Or maybe it is better to avoid this operation? I asked.

To this, Stalin replied that he was also not sure of the need for the operation, but Frunze himself insisted on it, and the most prominent surgeon in the country, Rozanov, who treated him, considered the operation "not dangerous."

So let's talk with Rozanov, - I suggested to Stalin.

He agreed. Soon Rozanov appeared, whom I had met a year earlier in Mukhalatka. Stalin asked him:

Is it true that the operation to be carried out by Frunze is not dangerous?

Like any operation, - answered Rozanov, - it, of course, poses a certain amount of danger. But usually with us such operations pass without any special complications, although you probably know that ordinary cuts sometimes lead to blood poisoning. But these are very rare cases.

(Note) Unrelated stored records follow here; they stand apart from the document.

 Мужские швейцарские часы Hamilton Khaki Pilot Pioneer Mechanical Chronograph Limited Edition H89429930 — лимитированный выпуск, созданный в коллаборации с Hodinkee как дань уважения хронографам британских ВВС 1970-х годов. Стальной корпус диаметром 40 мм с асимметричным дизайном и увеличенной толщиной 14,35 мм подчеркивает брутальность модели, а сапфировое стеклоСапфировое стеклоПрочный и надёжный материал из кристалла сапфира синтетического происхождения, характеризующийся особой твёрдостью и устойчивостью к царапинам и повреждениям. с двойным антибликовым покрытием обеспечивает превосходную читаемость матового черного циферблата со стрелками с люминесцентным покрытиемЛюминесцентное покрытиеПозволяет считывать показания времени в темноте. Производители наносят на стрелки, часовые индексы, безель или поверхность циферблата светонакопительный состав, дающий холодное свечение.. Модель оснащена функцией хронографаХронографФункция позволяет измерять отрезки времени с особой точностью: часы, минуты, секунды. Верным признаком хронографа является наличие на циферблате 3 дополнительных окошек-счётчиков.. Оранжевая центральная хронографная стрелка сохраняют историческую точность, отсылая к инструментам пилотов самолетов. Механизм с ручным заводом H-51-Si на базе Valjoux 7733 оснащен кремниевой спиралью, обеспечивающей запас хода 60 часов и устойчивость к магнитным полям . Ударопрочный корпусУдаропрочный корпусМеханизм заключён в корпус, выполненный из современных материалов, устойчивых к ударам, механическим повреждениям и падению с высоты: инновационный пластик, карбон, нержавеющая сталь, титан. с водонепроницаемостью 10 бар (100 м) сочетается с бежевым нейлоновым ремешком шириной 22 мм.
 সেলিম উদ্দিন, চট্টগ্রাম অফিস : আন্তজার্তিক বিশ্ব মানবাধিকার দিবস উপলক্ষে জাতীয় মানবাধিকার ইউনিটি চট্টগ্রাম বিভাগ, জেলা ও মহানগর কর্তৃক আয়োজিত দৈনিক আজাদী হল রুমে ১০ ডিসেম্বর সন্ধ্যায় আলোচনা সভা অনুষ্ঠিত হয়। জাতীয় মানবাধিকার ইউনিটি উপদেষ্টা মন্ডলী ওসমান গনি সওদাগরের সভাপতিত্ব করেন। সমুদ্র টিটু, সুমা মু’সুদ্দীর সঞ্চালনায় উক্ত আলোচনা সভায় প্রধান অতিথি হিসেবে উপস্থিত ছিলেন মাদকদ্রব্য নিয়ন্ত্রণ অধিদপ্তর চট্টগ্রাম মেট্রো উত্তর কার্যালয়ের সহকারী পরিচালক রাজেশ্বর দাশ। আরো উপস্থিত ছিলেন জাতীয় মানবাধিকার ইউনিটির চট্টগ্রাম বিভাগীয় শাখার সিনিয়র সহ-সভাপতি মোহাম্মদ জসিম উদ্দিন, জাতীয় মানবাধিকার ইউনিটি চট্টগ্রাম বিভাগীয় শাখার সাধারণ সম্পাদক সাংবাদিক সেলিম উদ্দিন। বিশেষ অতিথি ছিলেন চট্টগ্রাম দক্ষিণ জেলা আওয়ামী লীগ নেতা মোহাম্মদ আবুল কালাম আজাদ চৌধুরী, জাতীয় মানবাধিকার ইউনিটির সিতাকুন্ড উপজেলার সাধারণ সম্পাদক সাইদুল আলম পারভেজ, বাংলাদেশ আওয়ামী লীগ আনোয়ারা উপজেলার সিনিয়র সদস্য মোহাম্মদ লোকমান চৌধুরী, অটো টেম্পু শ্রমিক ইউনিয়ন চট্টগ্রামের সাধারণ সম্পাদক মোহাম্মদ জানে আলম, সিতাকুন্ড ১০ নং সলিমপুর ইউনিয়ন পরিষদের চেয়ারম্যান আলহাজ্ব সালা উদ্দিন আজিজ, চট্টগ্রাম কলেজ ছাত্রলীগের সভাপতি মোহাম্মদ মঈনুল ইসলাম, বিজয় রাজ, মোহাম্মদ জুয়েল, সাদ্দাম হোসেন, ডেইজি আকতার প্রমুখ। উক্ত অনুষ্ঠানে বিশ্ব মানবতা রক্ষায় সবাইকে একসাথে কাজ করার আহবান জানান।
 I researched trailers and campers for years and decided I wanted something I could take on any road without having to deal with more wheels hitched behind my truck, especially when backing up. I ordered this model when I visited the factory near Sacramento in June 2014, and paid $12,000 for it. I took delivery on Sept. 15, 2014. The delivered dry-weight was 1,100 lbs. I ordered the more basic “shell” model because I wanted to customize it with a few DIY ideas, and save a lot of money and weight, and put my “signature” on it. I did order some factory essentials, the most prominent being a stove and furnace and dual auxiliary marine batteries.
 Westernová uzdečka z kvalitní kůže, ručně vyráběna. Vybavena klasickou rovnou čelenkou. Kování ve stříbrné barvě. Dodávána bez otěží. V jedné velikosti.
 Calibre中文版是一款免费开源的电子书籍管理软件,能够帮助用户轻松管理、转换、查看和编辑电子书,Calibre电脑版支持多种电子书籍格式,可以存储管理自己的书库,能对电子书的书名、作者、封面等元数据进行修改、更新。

All this was said by Rozanov so confidently that I somewhat calmed down. However, Stalin nevertheless asked one more question, which seemed tricky to me:

Well, if instead of Frunze there was, for example, your brother, would you perform such an operation on him or would you abstain?

Would refrain, - the answer followed.

You see, Comrade Stalin, - replied Rozanov, - peptic ulcer disease is such that if the patient follows the prescribed regimen, you can do without surgery. My brother, for example, would strictly adhere to the regime assigned to him, but Mikhail Vasilyevich, as far as I know him, cannot be kept within the framework of such a regime. He would still travel a lot around the country, participate in military maneuvers, and certainly not follow the prescribed diet. Therefore, in this case, I am for the operation ... "

Then Anastas Ivanovich Mikoyan was told that Frunze himself, in letters to his wife, objected to the operation, wrote that he generally felt much better and he did not see the need to do something radical, he did not understand why the doctors were talking about the operation.

“This struck me,” writes Mikoyan, “because Stalin told me that Frunze himself insisted on the operation. I was told that Stalin played a show with us "in his own spirit," as he put it. He might not have involved Rozanov, it was enough for the GPU to “treat” the anesthetist…”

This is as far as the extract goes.